### Exercise objective
Retype, word for word, each line between the lines holding "Морковку очистите от" and "Stilvoller Rattansessel aus", inclusive, and leave the rest of the data alone.

### Working data
══════

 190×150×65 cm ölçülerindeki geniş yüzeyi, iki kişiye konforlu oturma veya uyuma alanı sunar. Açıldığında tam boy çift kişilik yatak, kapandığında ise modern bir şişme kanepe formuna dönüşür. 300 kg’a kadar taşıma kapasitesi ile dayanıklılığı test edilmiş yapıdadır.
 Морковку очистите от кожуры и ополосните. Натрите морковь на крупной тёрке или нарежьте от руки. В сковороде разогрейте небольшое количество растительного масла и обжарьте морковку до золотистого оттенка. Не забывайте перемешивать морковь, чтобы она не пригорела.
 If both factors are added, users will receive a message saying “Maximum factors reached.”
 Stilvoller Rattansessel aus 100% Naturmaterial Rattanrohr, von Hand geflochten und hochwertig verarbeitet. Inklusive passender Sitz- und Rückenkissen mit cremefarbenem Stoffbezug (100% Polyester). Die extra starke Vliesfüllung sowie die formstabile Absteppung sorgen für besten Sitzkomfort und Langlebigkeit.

══════

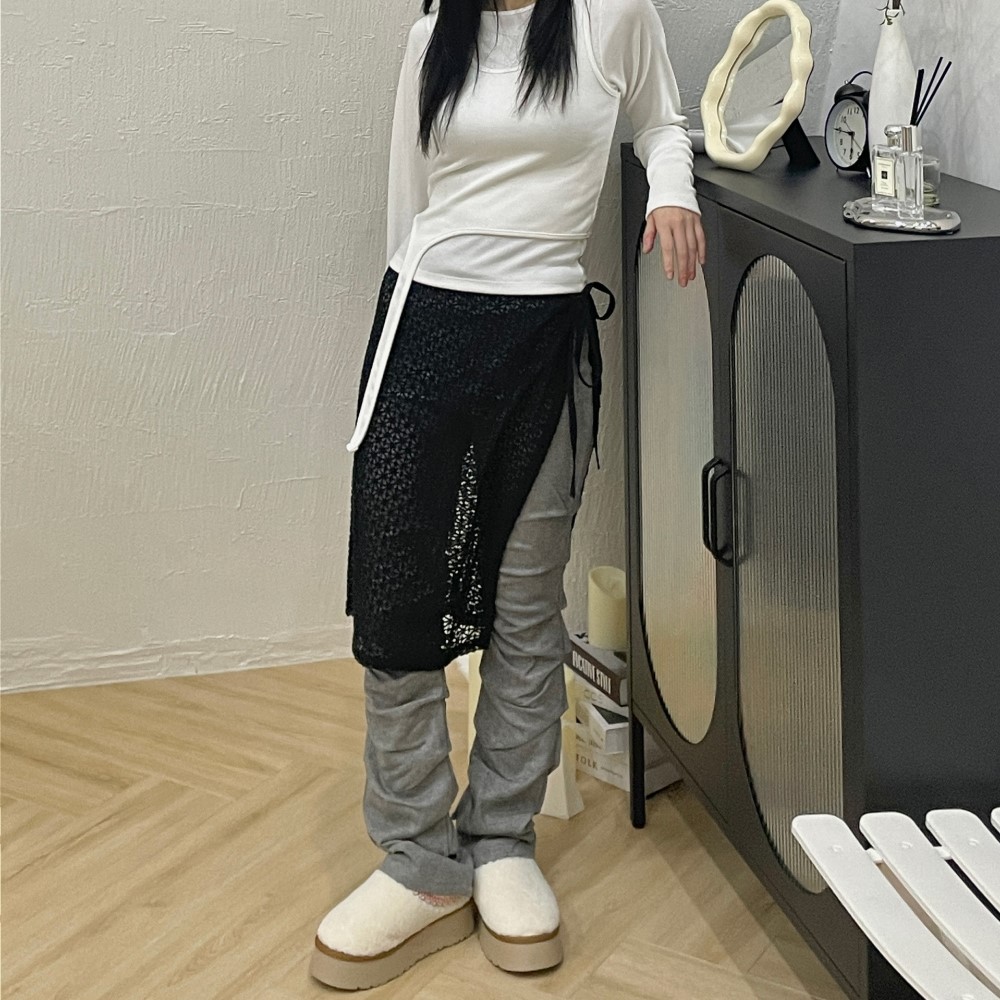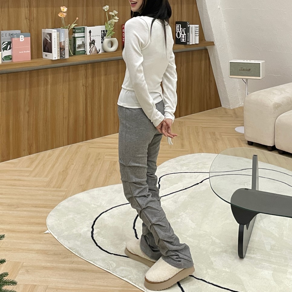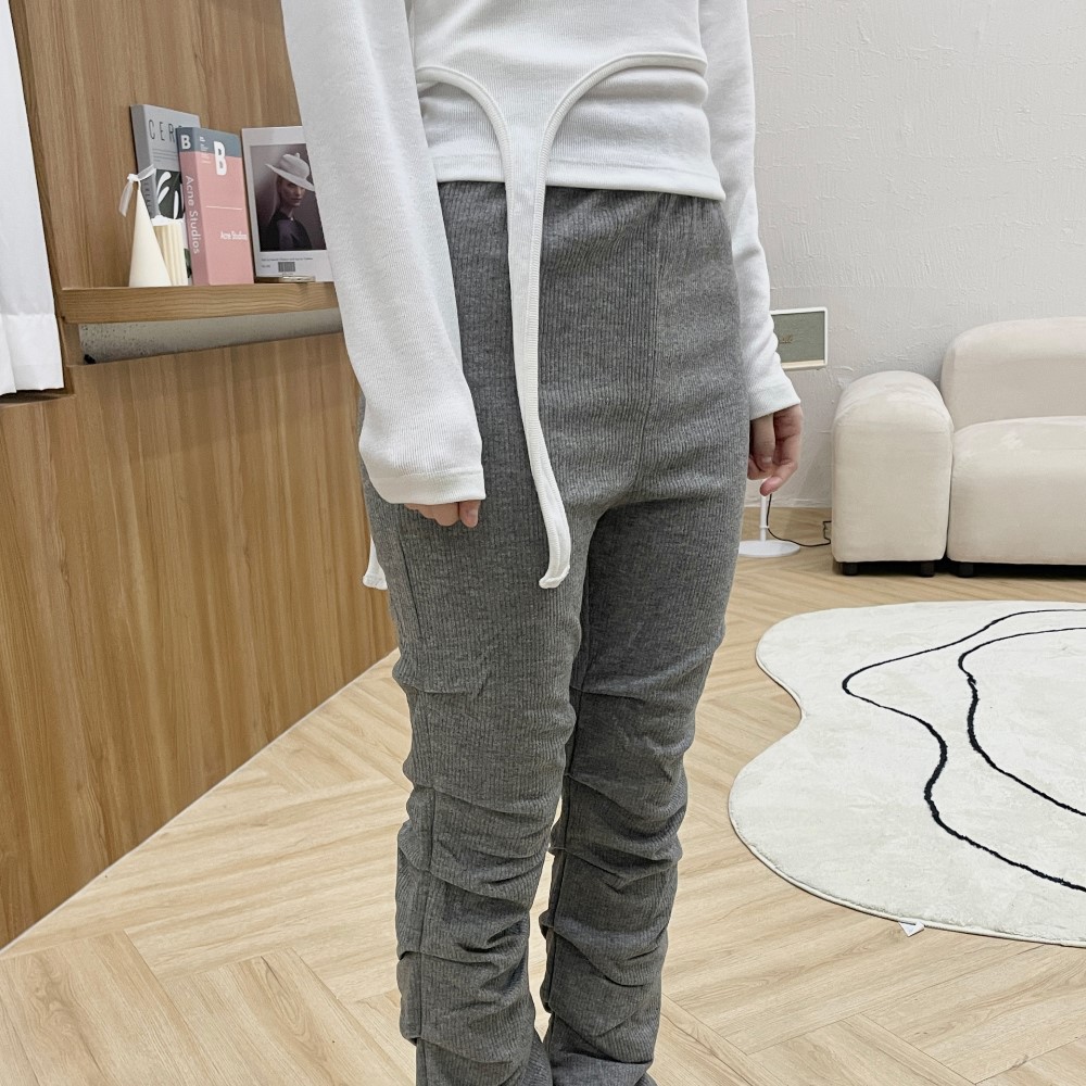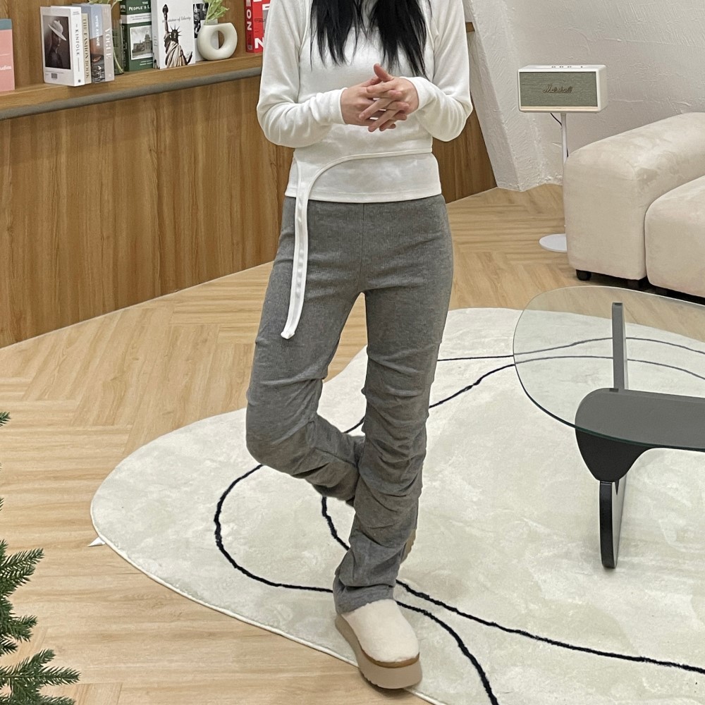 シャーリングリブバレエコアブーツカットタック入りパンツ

══════

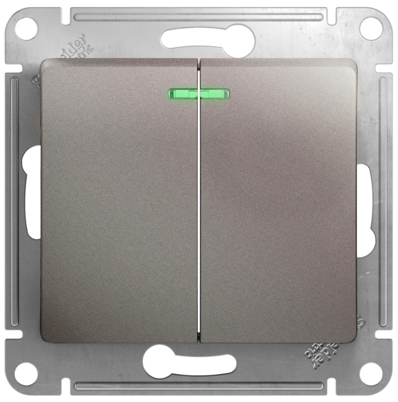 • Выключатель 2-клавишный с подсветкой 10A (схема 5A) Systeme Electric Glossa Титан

══════

### Finished exercise
 Морковку очистите от кожуры и ополосните. Натрите морковь на крупной тёрке или нарежьте от руки. В сковороде разогрейте небольшое количество растительного масла и обжарьте морковку до золотистого оттенка. Не забывайте перемешивать морковь, чтобы она не пригорела.
 If both factors are added, users will receive a message saying “Maximum factors reached.”
 Stilvoller Rattansessel aus 100% Naturmaterial Rattanrohr, von Hand geflochten und hochwertig verarbeitet. Inklusive passender Sitz- und Rückenkissen mit cremefarbenem Stoffbezug (100% Polyester). Die extra starke Vliesfüllung sowie die formstabile Absteppung sorgen für besten Sitzkomfort und Langlebigkeit.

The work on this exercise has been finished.